Konrad Crispino/Johns Hopkins Bloomberg School of Public Health
Too often, research on the intersection of gun policy and serious mental illness is hampered because it is often carried out by different disciplines with little overlap, said Emma McGinty, Ph.D., M.S., an assistant professor of health policy and management at the Johns Hopkins Bloomberg School of Public Health.
“Firearms injury research comes from the public-health community, while studies of mental illness and violence derive from the psychiatry and law sectors, and they haven’t been talking to each other,” said McGinty in an interview with Psychiatric News. “They have separate audiences and journals and focus on separate goals, either safety or taking care of people with mental illness.”
In addition, gun restriction for people with mental illness is a relatively new policy issue, dating only from the early 1990s, she pointed out. “There is little public attention to the subject until a mass shooting happens, so it is not a research priority.”

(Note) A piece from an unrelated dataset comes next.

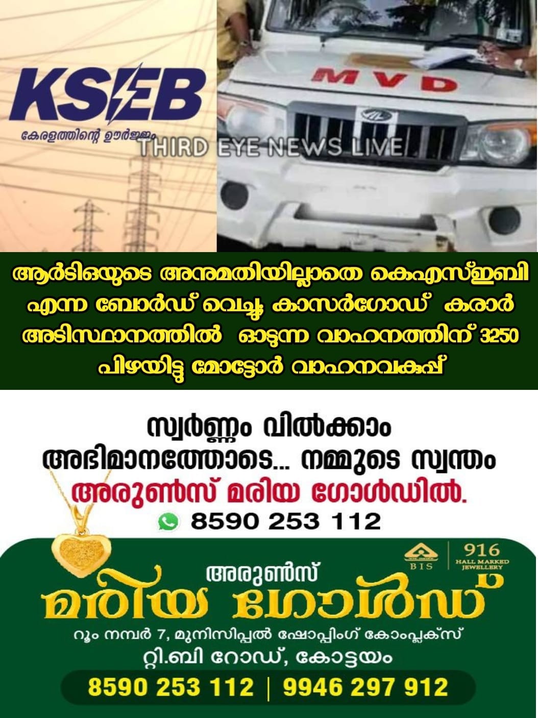 ആർടിഒയുടെ അനുമതിയില്ലാതെ KSEB എന്ന ബോർഡ് വെച്ചതിന് 3250 രൂപയാണ് പിഴയിട്ടത്. നേരത്തെ ബിൽ അടയ്ക്കാത്തതിന് കാസർഗോഡ് ആർടിഒ എൻഫോഴ്സ്മെന്റ് ഓഫീസിലെ ഫ്യൂസ് കെഎസ്ഇബി ഊരിയിരുന്നു.

A recent report from the Institute of Medicine calling for research “to reduce the threat of firearm-related violence” offered dozens of suggestions but only two directly mentioned mental illness. “We need a comprehensive approach that looks at a broad range of risk factors,” said McGinty.
Assessing dangerousness is still an uncertain avenue, she said. “We’re pretty good at ruling out potentially dangerous people but not in figuring out who will become violent.”
Another key issue for psychiatrists is whether stricter standards for background checks required to purchase firearms will deter those with mental illness from seeking treatment. Despite oft-repeated hypotheses, McGinty has turned up no research supporting that position.
“That’s a bit of a surprise because it is so prominent an assertion within the mental health community,” she said. But measuring treatment avoidance is difficult, because it is hard to identify people who do not seek care. Qualitative approaches or natural experiments might be one creative way to get around that obstacle, she suggested. For instance, recent changes in New York’s firearms laws might present an opportunity to see if treatment patterns change.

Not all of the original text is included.